# Fashion Trends Spring & Summer 05



## Diane (Mar 21, 2005)

*Fashion Trends for** Spring Summer 2005*

Spring-Summer 2005 is a vibrant collage of fresh colors, peppy accessories and prints inspired from all over the world. Animal prints, Indian and Oriental ethnic charm and nautical blues are in. Fashion goes global as western designs adorn exotic eastern-style embellishments and flairs.

Sequins continue to sparkle in the evening as they lend a glamorous glow to evening gowns. Chunky, wooden, beaded and layered necklaces team up with jeweled flats or wedges, floppy hats and metallic or muted hand and shoulder bags complete your spring-summer 2005 look.
In a sharp contrast to the more subtle trends last spring which were limited to bright and vivid colors like tangerine, azure etc., this year's trends set no limits at all. Everything is at it's extremes. Choose flats or wedges, mini handbags or oversized ones, neutral solids or animal prints or acid brights, you can be as fanciful as you wish and still be fashionable.

Let's have a look at what the top women's fashion stores have in store for us this season:

*EAST MEETS WEST collection at Victoria's Secret*



Following the global trend for exotic embellishment with beads, sequins and the like, Victoria's Secret unveils a special collection for spring-summer 2005.

This yellow mirror-trim skirt is a fine example of Indian inspirations in this collection.
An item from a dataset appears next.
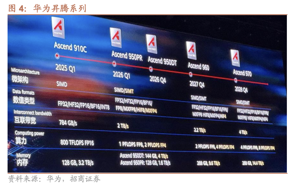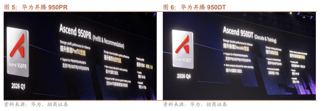1)昇腾950:包括950PR和950DT。950PR(Prefill & Recommendation)预计于26Q1推出,旨在提升推理Prefill性能,支持FP8/MXFP8/HiF8/MXFP4,有助于提升推荐业务性能,该产品采用了华为自研HBM HiBL 1.0。950DT(Decode & Training)预计于26Q4推出,提升了推理decode性能,也提升了训练性能,互联带宽达2 TB/s,提升了内存容量和带宽,采用自研HBM HiZQ 2.0,容量达144GB,带宽达4 TB/s;

The smocked black off-the-shoulder top complements the skirt perfectly. For $98 this is a great buy for the season.

Also check out the Beaded trim Bra top halter dress. It is a steal at just $58.

Smocking and beading are prominent in this collection.

Prices vary for dresses, skirts and camisoles from $58 to $148

_http://www.victoriassecret.com_

*Gorgeous Spring T-shirts from BlueFly*

*

*BlueFly has on display the most gorgeous T-shirts for spring 2005. The wide range of t-shirts available this season covers all the top trends of spring-summer 2005. Gorgeous t-shirts in brights, metallics and florals in various colors of the season like red, ivory, khaki etc. are a must-buy.

Check out the smart 'stretch off-the-shoulder t-shirts', floral mesh tunics and camisoles, crochet net tank tops, shiny halter tops and chic and fashionable mesh split layered tunics. 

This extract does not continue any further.